Research Projects and Expectations
Under the leadership of David Bernhard's Department of Pathophysiology and in partnership with CRI partners, an early detection marker for thoracic aortic aneurysms (bulges in the part of the aorta that passes through the chest cavity) is currently being developed which will be studied in patients and then tested for widespread use, including at family practices and in terms of care.

In addition, the best administration approach (the way a drug is administered) with respect to a new active ingredient to protects tissues in the event of any oxygen deficiency (heart attack, stroke, transplantation, etc.) will be looked at in more detail. This active ingredient and the way it is administered would reduce the time until initial treatment, such as in the event of a heart attack, thereby preventing or reducing some of the damage.

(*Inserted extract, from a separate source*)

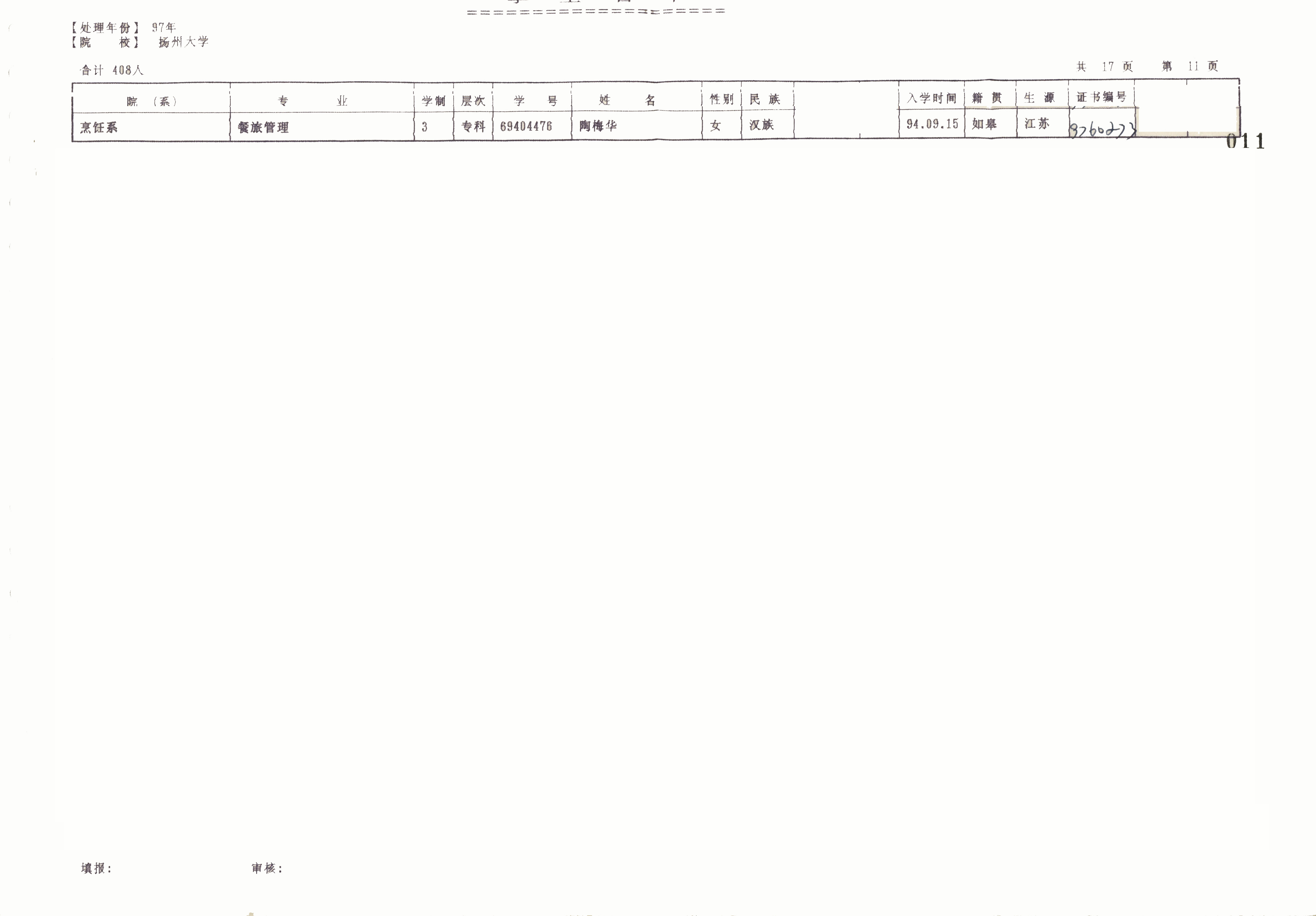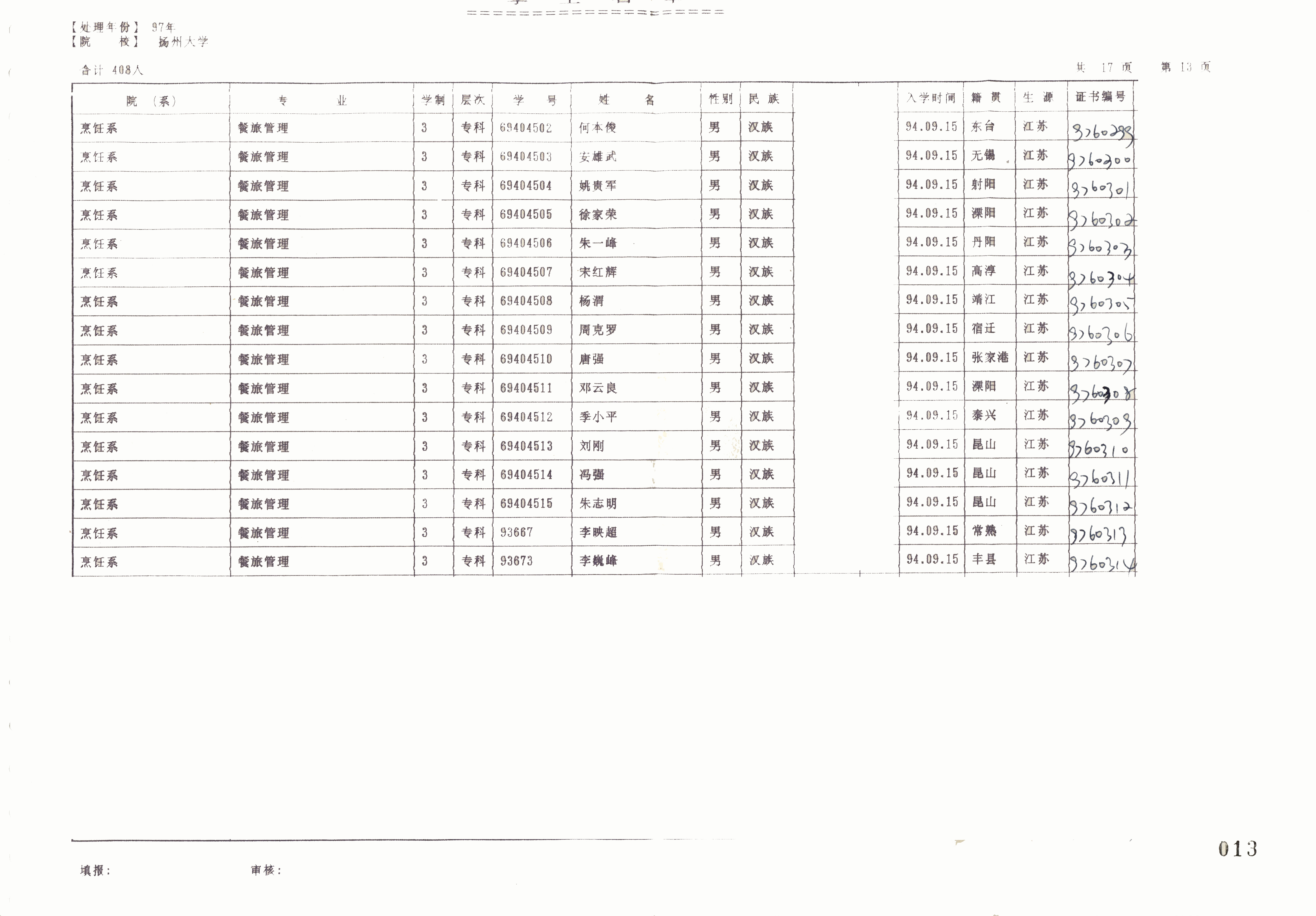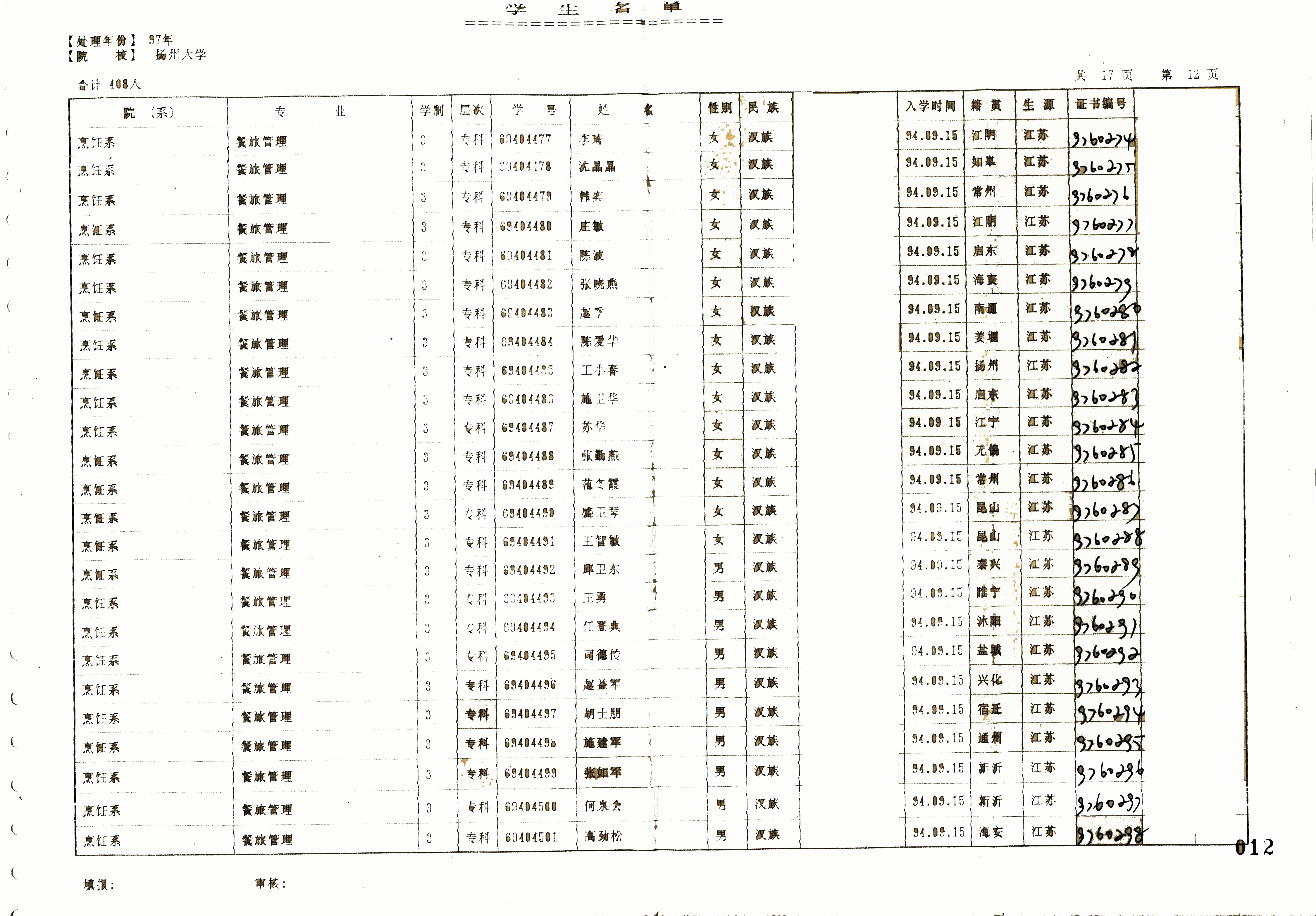 1994级餐旅管理(专)

Clemens Steinwender expects: "… findings on widespread risk factors when it comes to vascular diseases (such as diabetes mellitus, elevated blood lipids)." Clarifying the following would be vital: When it comes to cardiovascular damage, what is the expected patient age or the risk factor intensity? How can damage be prevented or mitigated? Which group of patients requires special attention?

A key CRI project would be to create an Upper Austrian registry and database to collect corresponding patient information with regard to cardiometabolic diseases.

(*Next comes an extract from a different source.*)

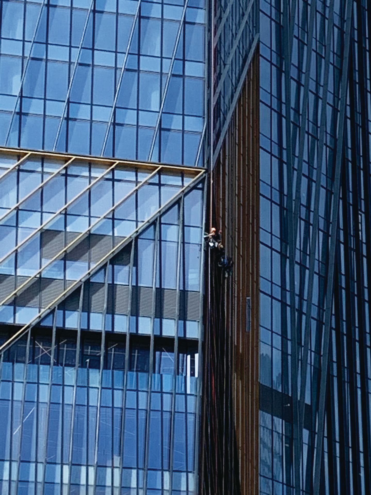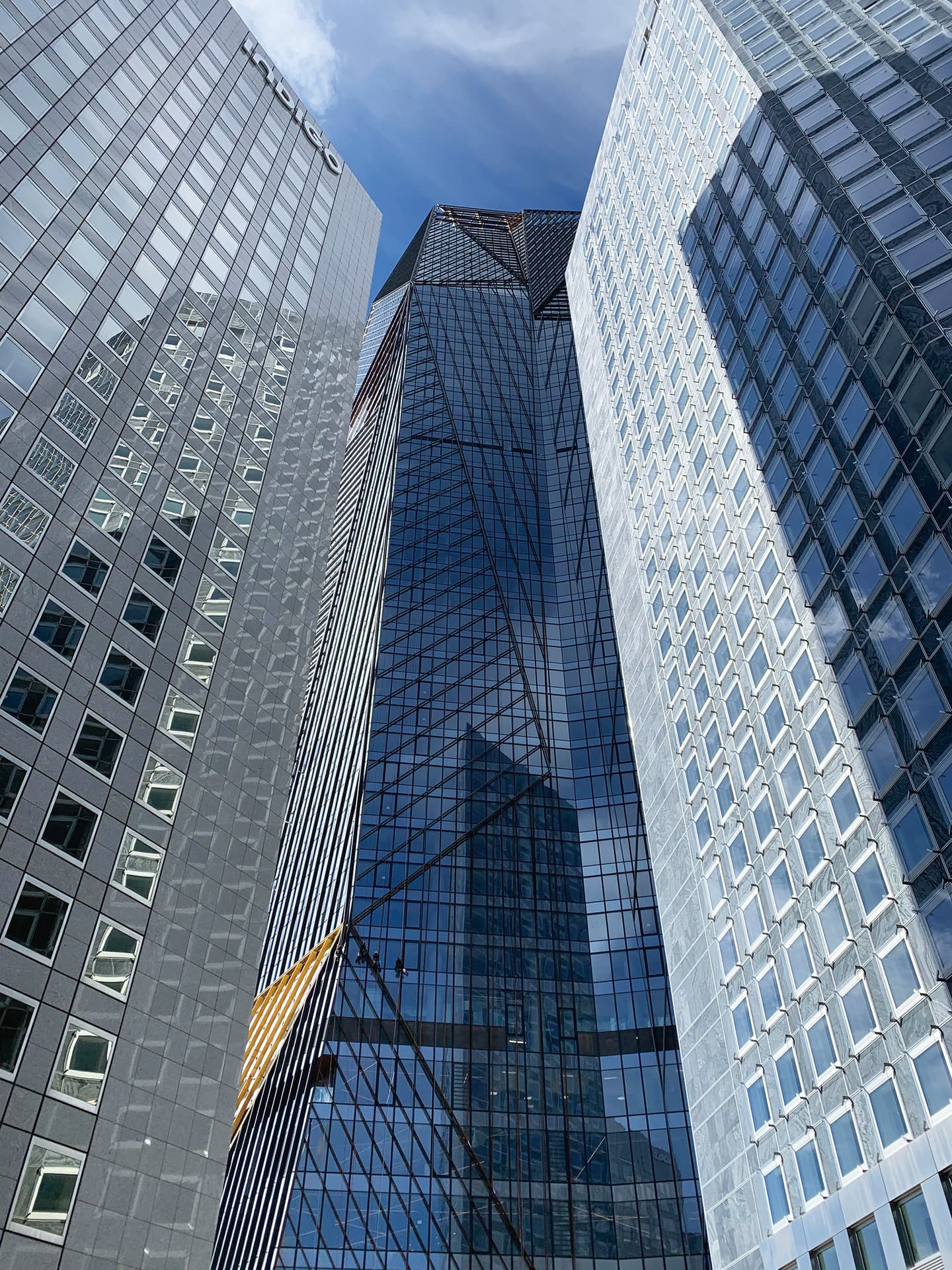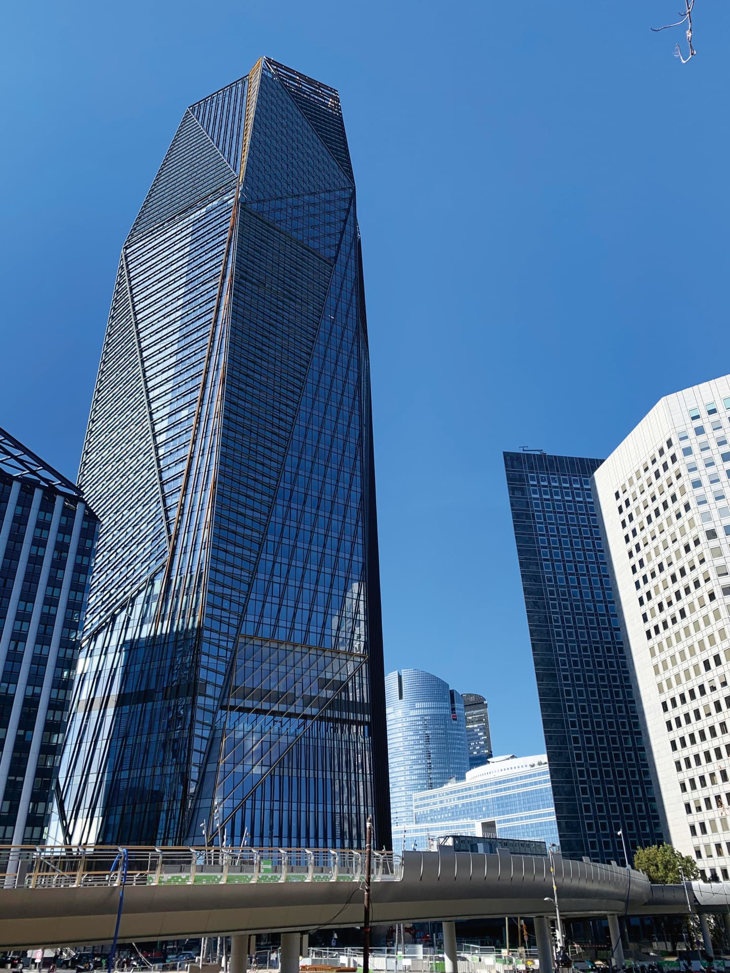 この建物は、ラ・デファンスの南西部分のピュトー(Puteaux)地区にあります。外面は、ほぼ全てがガラス張りになっているにもかかわらず、黒水晶の結晶を思わせる黒々とした印象を受けます。それは、外面全体が細い線状の鋼材で覆われており、それらが作る陰が影響しているようです。外壁の構成は三角形が複雑に組み合わされており、時にはそれらがオーバーハングしていて、見る者に非常に強いインパクトを与えます。

Andreas Zierer remarked: "The CRI’s partnerships will facilitate pooling data from the Upper Austrian healthcare system. In many areas, we need to have as much data as possible in order to obtain statistically significant results. More specifically, we aim to understand more about how underlying metabolic diseases, such as diabetes, influence the occurrence of cardiovascular diseases."

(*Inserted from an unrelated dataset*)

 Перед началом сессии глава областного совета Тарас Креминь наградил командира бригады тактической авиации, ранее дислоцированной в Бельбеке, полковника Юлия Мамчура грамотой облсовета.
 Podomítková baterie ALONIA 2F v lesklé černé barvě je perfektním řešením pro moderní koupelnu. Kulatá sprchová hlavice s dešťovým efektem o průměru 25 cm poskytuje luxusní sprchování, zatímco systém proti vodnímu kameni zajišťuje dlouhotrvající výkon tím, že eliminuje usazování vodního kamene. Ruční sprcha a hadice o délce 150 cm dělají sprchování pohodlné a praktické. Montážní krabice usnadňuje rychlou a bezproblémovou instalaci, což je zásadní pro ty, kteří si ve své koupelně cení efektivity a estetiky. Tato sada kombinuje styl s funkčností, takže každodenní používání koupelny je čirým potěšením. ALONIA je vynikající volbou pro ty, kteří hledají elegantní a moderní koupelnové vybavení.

When will research outcomes be applied to patients? Martin Clodi stated: "In most cases, the findings in scientific publications cannot be immediately applied to patients, but the sum of the research outcomes from our institute - as well as from other institutes – will, like a jigsaw puzzle, become the whole picture that we can apply to patient care."

Initial research findings stemming from existing partnerships are already underway and will be published as early as the first half of 2023.

JKU Rector Meinhard Lukas added: "The new clinical research institute and its focus on cardiometabolic diseases is addressing an important issue that will become increasingly significant over the next few years. Our students and, above all, our patients will benefit from the CRI’s research findings. In order to strengthen research in Upper Austria, the JKU will create additional clinical research institutes. After all, cross-disciplinary and cross-institutional partnerships form the basis to support international and competitive research."

The JKU medTALK on Cardiometabolic Diseases
The third edition of the JKU medTALK is titled "Silent Killers - Cardiovascular and Metabolic Diseases". The medTALK will take place on November 23 at 3:30 PM at the JKU medLOFT. A panel including Marina Müller, MSc. (JKU Institute of Physiology and Pathophysiology, Department of Pathophysiology), Prim. Univ. Prof. Dr. Martin Clodi, (head of the Department of Internal Medicine, Krankenhaus der Barmherzigen Brüder), Assist. Dr. Jessica Gottsberger, (Department of Cardiovascular and Thoracic Surgery, Kepler University Hospital), and Prim. Priv. Doz. Dr. Clemens Steinwender (Department of Cardiology and Internal Intensive Care Medicine, Kepler University Hospital) will discuss the topic with journalist Christine Haiden.